• [The problem] Down to the last line, set down the listing below exactly, apart from its pictures.

• [Source material]
┄┄┄┄┄┄┄┄┄┄

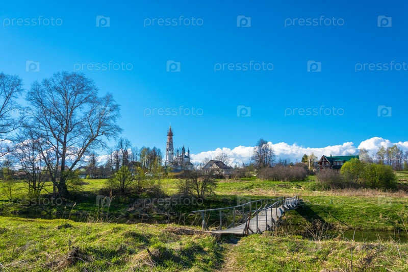 Красивый пейзаж с отражением белых облаков в голубой воде
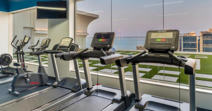 O sală de fitness cu echipamente necesare pentru o gamă variată de exerciții fizice este la dispoziția celor interesați.
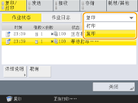 从下拉列表选择<复印>并显示正在等待的复印作业。

┄┄┄┄┄┄┄┄┄┄

• [Response for this exercise]
 Красивый пейзаж с отражением белых облаков в голубой воде
 O sală de fitness cu echipamente necesare pentru o gamă variată de exerciții fizice este la dispoziția celor interesați.
 从下拉列表选择<复印>并显示正在等待的复印作业。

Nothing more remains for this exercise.